Вообще-то с обучением Вик непростительно затянул. По-хорошему следовало начать еще до пожирания: неверие – не защита, если ты не видишь – не значит, что не видят тебя. Но сомневающаяся Лена была слишком слабой, невкусной, чтобы кого-то заинтересовать.
А когда она расцвела, превратившись в лакомый кусочек, Вик утонул в самокопании. Ужасно непрофессионально. Оправдывает только то, что проводника в мистическое никогда из себя не строил, а значит, вроде как и требовать с него нечего, и соответствовать он ничему не обязан.
Но пообещал – выполняй.
Поэтому однажды они на два-три часа засели в его квартире; и Вик учил замечать чужой интерес, пресекать вмешательство, выставлять защиту и даже бить. Никакой магии в общепринятом смысле – фаерболов там, мерцающих щитов. Чистейшее природное колдовство, которое есть в каждом, надо только его разбудить.
Лена ушла с гудящей головой – а спустя пару дней похвасталась, как не позволила отожрать от себя кусок. «Правда, меня теперь трясет: одно дело в теории об этом слушать, другое – на практике столкнуться».
После этого Вик вытащил ее на первую мистическую прогулку – чтобы понаблюдала за городом и его потусторонними жителями, прочувствовала, кто безобиден и готов идти на контакт, а кого лучше обходить за квартал, не меньше. С практикой дела пошли проще и быстрее.

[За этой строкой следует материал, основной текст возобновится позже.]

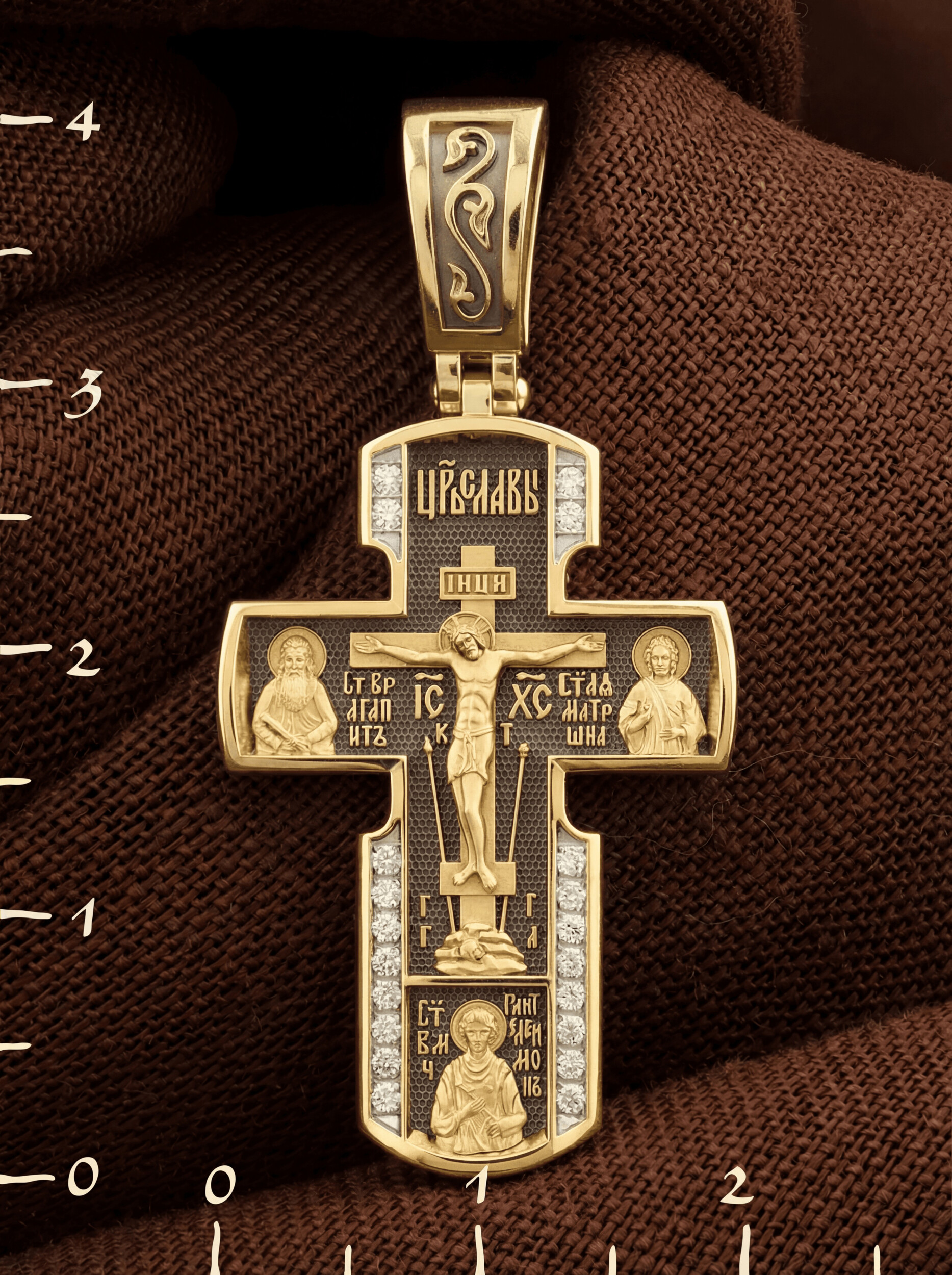 На лицевой стороне креста изображено Распятие Иисуса Христа на Голгофском Кресте, над вершиной которого помещена надпись «Царь Славы». Справа от Распятия помещен образ прославленной святой блаженной Матроны. «Матронушка», — ласково называют эту святую православные за удивительную любовь и помощь, которую она подает всем нуждающимся в ее поддержке. Слева — икона прп. Агапита. Этот святой жил в пещерах Киево-Печерского монастыря в XI веке и бескорыстно врачевал мирян и монахов.

Но сегодня они гуляют как друзья. Никакой мистики.
Свернув еще пару раз, они пересекают мост, снова ныряют в первый попавшийся двор – но он оказывается тупиковым. Приходится вернуться и минут пять лавировать в толпе внезапных туристов. И почему они решили, что сейчас – идеальный сезон?..
Наконец от улицы отделяется узенький безлюдный переулок. Можно спрятаться там и снова идти рядом и говорить, а не орать.

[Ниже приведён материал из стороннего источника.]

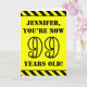 Le devant de cette carte de voeux d’anniversaire, qui attire l’attention et qui est audacieuse, comporte un nom personnalisable et le message "VOUS AVEZ MAINTENANT 99 ANS !" en texte de style pochoir noir sur un arrière - plan de couleur jaune. Il y a aussi un motif rayé noir et jaune accrocheur aux bords supérieur et inférieur de l'avant. L'intérieur comporte un message d'anniversaire personnalisé, ou pourrait être effacé et laissé vide si un message doit être écrit à la main à la place. Une carte d’anniversaire personnalisée comme celle-ci pourrait être une façon amusante de souligner le quatre-vingt-dix-neuvième anniversaire de quelqu’un. [~Z0000413]

– Слушай, – вспоминает Вик, огибая разбитую бутылку, – когда я приходил в январе и донимал дурацкими вопросами, ты сказала, что придумала, как защищаться. Я хотел, но так и не спросил: что ты придумала?
– Только не смейся, ладно? – нервно фыркает Лена. И снова прячет руки в карманы. – Я тебя воображала. В хтоническом облике. Как будто если кто-то нападет – ты ему сразу хребет перекусишь. Помогало.
Она. Воображала. Его?
Серьезно?
Да кто бы стал его воображать защитником? Нет, хтонический вид действительно ужасающий; но как же ехидные усмешки, ворчание из-за каждой мелочи, любовь к неожиданным щелчкам зубами, чтобы вздрогнули все, кто окажется рядом?.. Даже в голову не пришло бы просить о помощи такое невыносимое чудовище!
А ей – пришло.
Рассмеявшись, Вик обнимает Лену – от переизбытка чувств.

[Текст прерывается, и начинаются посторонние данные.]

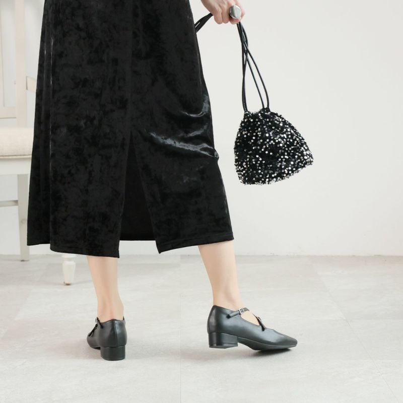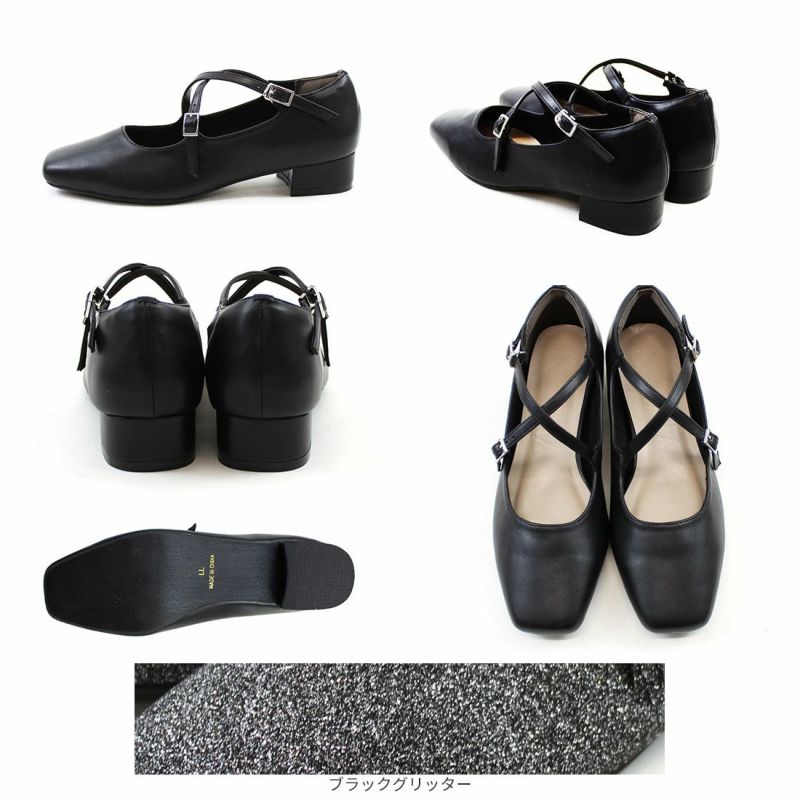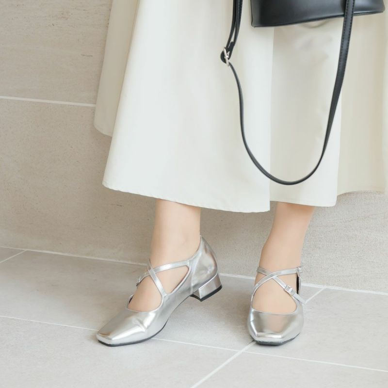 ・クロスストラップとコロンとしたソフトスクエアトゥでレディライクな足元を演出

– Какая ты славная девочка, как я тебя люблю…
За год знакомства Лена привыкла не только к шуткам, но и к тому, что Вик не может не любить весь мир от земли до звезд. Поэтому, обняв в ответ, шепчет:
– Я тебя тоже.
И – Вик чувствует, знает – ни в каком из смыслов не врет.
Улицы рука об руку с интуицией в конце концов выводят к метро. Посчитав это знаком свыше, Вик и Лена отправляются по домам – немного мокрые и много уставшие. Завтра обоим на работу, то есть рано вставать, то есть хорошо бы и лечь пораньше…
Но Вику не спится – несмотря на прогулку, на прохладный душ, на открытые окна. Прошедший год шуршит рекой, пролившейся сквозь пальцы, и вместо того, чтобы убаюкивать, будит воспоминания.
Чужая депрессия; кофейня; стажировка Тори; пожирание; прогулка по темной улице; разборки с сектантами; вредный гость; йольский корпоратив; еще одно пожирание; долгие самокопания; вручение Тори пальто… Начнешь разматывать клубок – и задохнешься под весом нитей, а это ведь самое начало!
Дальше – удивительно длинная весна; запах черемухи во дворе, где ее никогда не было; кофе на гранатовом соке; звездный рюкзак Лютого; пятилистники сирени; поцелуй на крыльце; эсэмэска от Гора…
И Валерия – которой, кстати, со дня на день рожать.
Обучение; гудящая голова; жара, свалившаяся на город; поездка на пляж… Нет, это все не могло уместиться в один-единственный год!
Но – уместилось. Чудеса.
Тряхнув головой, Вик зарывается лицом в подушку. Странно об этом думать, но он, пожалуй, повзрослел. Стал в чем-то серьезнее, в чем-то – ответственнее, в чем-то – решительнее. А в чем-то, конечно, так и остался полным придурком, невыносимым чудовищем, чтобы жизнь никому медом не казалась.
Но он справляется. Все они справляются.
И все готовы идти дальше.
Лаконичность
«Меня сегодня не будет», – лаконично сообщает Гор в девять утра. «Агентство не развалю;)», – обещает Вик.